Its to late beacuse the carbon cross over point building new is 20 years away because of the long build times and the CEMENT.

basiclly, a new naturals gas plant, built today, would have produced LESS carbon then a new nuclear plant, until 20 years later. The problem is, for the goals of limiting climate change, you cant just spike today for a lower 2045. (and yes nuclear produces far less for the next 30 years, and over its entire life

Yes nuclear is and was the answer, long term. but the rapid decarbonizing we need to do now through 2050, it falls on its face.
Renewables are the answer today. with li-ion today, and flow batteries in 5-10 years because li-ion as a battery storage for the grid is just really really dumb.

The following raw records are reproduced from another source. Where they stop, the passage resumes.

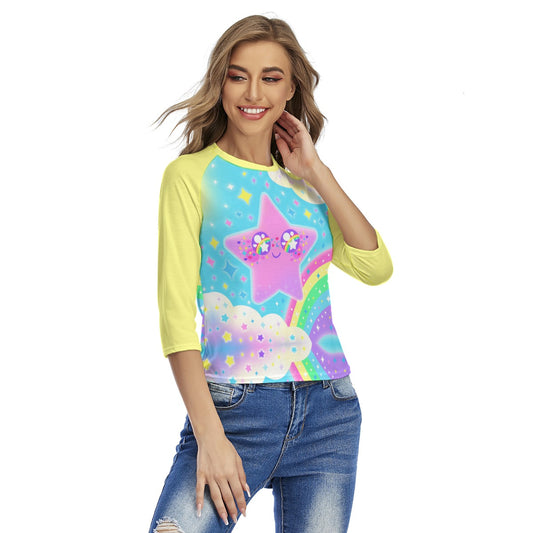Rainbow Decora Star Women's Raglan 3/4 Sleeve T-shirt (Yellow)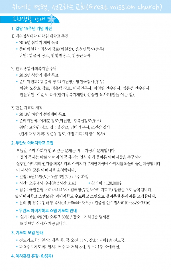 2013³â6¿ù ¼Â°ÁÖ(6/16)¿¹¹è, ±³È¸¼Ò½Ä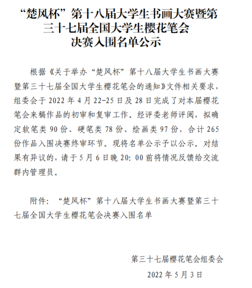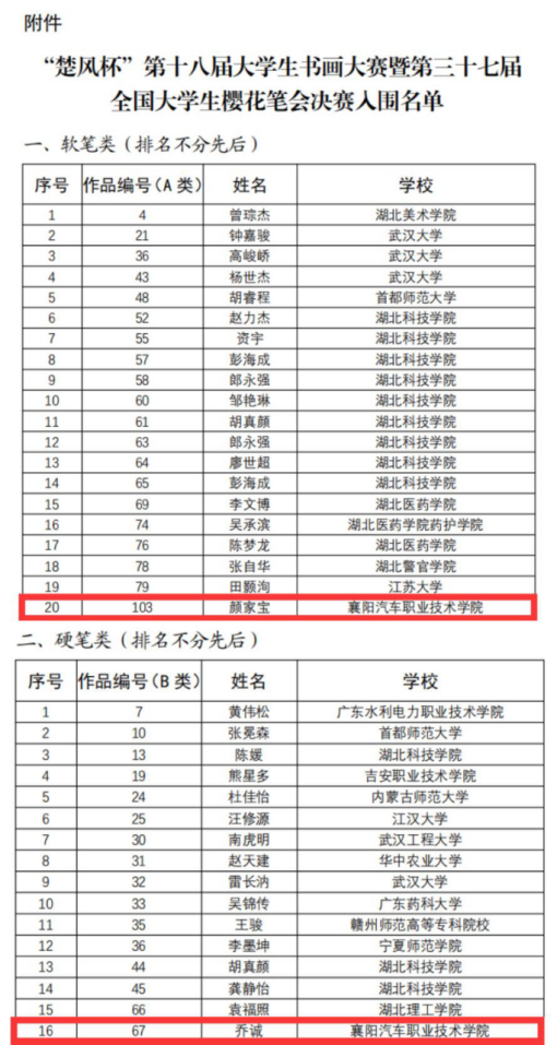日前,“楚风杯”第十八届大学生书画大赛暨第三十七届樱花笔会决赛入围名单公示。我校颜家宝同学入围软笔组决赛,乔城同学入围硬笔组决赛。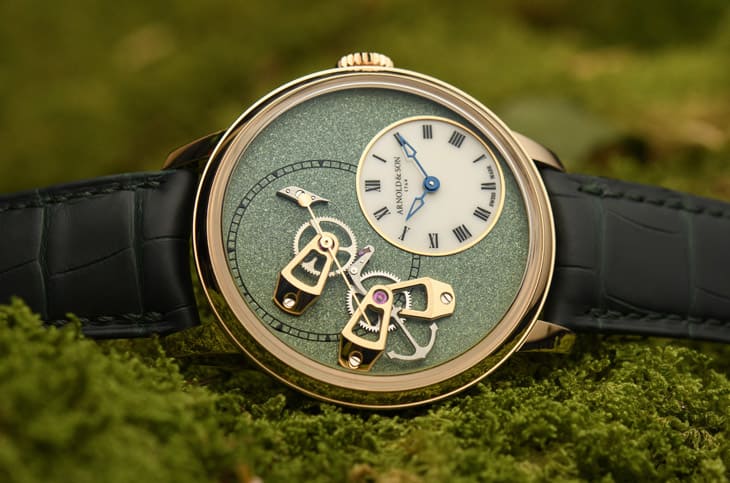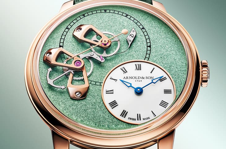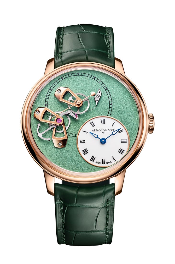 5N 18K玫瑰金材质/A&S6203自动上链机芯/偏心时、偏心分、跳秒显示/薄荷绿粒纹面盘、白色蛋白石小表盘/蓝宝石水晶镜面、透明底盖/防水30米/表径42mm/限量18只/参考价:NT$ 1,644,000
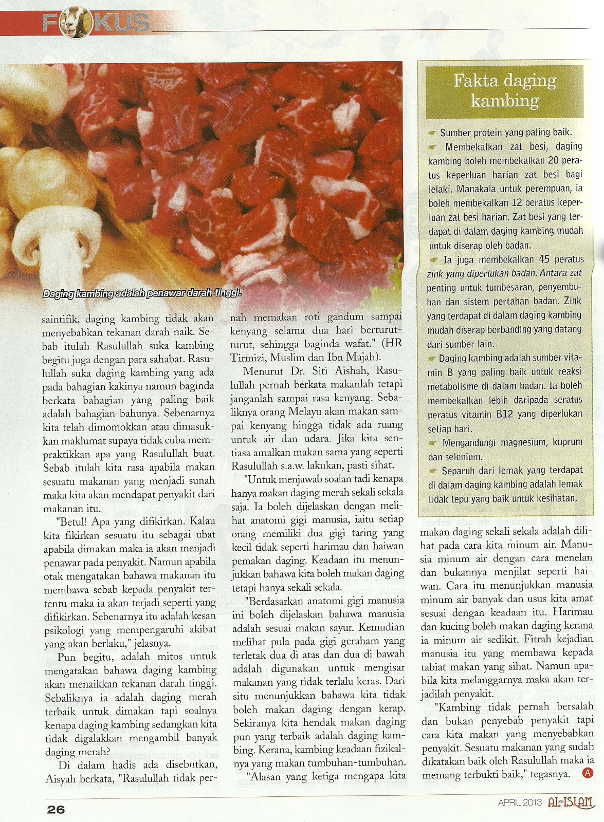 Sangat menarik rencana laporan khas majalah Al-Islam keluaran terbaru ini. Terapi Kambing. Menyentuh tentang keseluruhan aspek dan sejarah ringkas tentang kambing di zaman Rasulullah s.a.w. Begitu juga dengan ulasan saintifik tentang keberkatan daging kambing & susu kambing. Dan ulasan ketidakrasionalan taboo tentang kambing dalam masyarakat Melayu. Dapatkan segera di pasaran.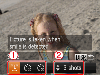 ( ) | Point the camera at a person and press the shutter button fully. The camera will shoot approximately two seconds after it detects a wink. | - Wink a bit slowly. - A wink may not be detected if eyes are covered by hair or a hat, or when wearing glasses. - Shutting both eyes will also be detected as a wink. - If a wink is not detected, the camera will automatically shoot after about 15 seconds later. - If there are no people in the shot when the shutter button is pressed fully, the camera will shoot after a person enters the shot and winks. |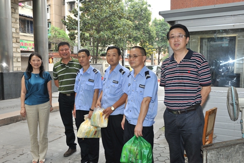 陈锋说:“大家在如此炎热的气温下,仍然坚守在工作岗位,辛勤劳作,分院的园区环境建设你们功不可没。”同时嘱咐大家要多喝水,做好防暑降温措施,保护好身体健康,安全度夏。

My stuff is in terms of fission. Fusion is a different equation.

 

yeah... i mean how can it be "too late" when we don't really have a better option... even *if* its too late (which i don't believe)  its still the right thing to do (since we don't have anything better rn)

 

 

14 minutes ago, starsmine said:

Renewables are the answer today.

you can do that additionally,  but im highly skeptical this is a good answer (because it really depends how its sourced and what is even classified as "renewable") <-- even if done right, i think the effects just wouldn't be enough,  especially not when its the only thing being done. (as i said wind... the best option... receives fierce resistance in certain countries,  that just shows "renewable" is more a marketing gag than a serious consideration) 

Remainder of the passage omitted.